I just got chills as I read the final line in issue twelve of Cullen Bunn and Tyler Crooks’ Harrow County, with Hannah Christensen taking artistic duties from Crook in this issue. Let me begin by saying Harrow County is one of my favorite comics currently on the stands. It’s a dark fairy tale that takes the horror tropes of today and rips them to shreds, then gives us something both spectacularly old and incredibly fresh. This is the type of horror that exists in scribbles on parchment, evils that feel like they’ve been lurking just out of our sight from days long before us, before concrete buildings and digital landscapes. This is the stuff that slowly digs its way under your skin.

It also takes place in a world as real as our own. One that you can imagine finding if you drive into the countryside, far enough away from lights that fill the sky over a city.

For the last two issues, we’ve been following one of Emmy’s only real friends as she finds herself on an incredibly interesting journey, learning to fight evil in her own way. In this issue, we follow Emmy to a possibly haunted house. Watch as Cullen Bunn takes your expectations and doesn’t care. The only thing he cares about giving you is something both different and excellent, frightening with an emotional through line, all of which he hits here, some more subtle than others.

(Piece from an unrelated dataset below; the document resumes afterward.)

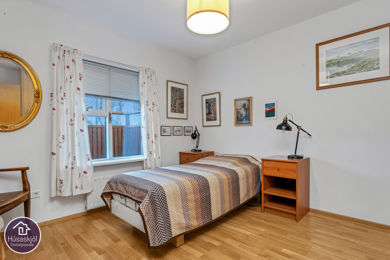 Svefnherbergið er rúmgott með góðum fataskápum og parketi á gólfi.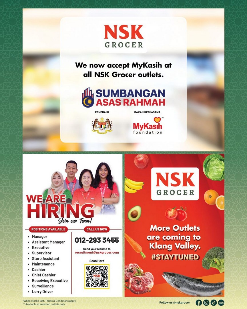 Additionally, all NSK Grocer outlets now accept MyKasih, allowing those on the programme to enjoy these promotions effortlessly.

While I miss the lightness of Crook’s art in this issue, Christensen brings her own version of the children’s book feel that makes Harrow County as resonating as it is. After all, the scariest things were those that haunted our imaginations as children, and that’s what Bunn taps into more than anything else – his childlike innocence, his unfettered imaginations – and by doing so, he takes us with him. From issue to issue, it really is thrilling.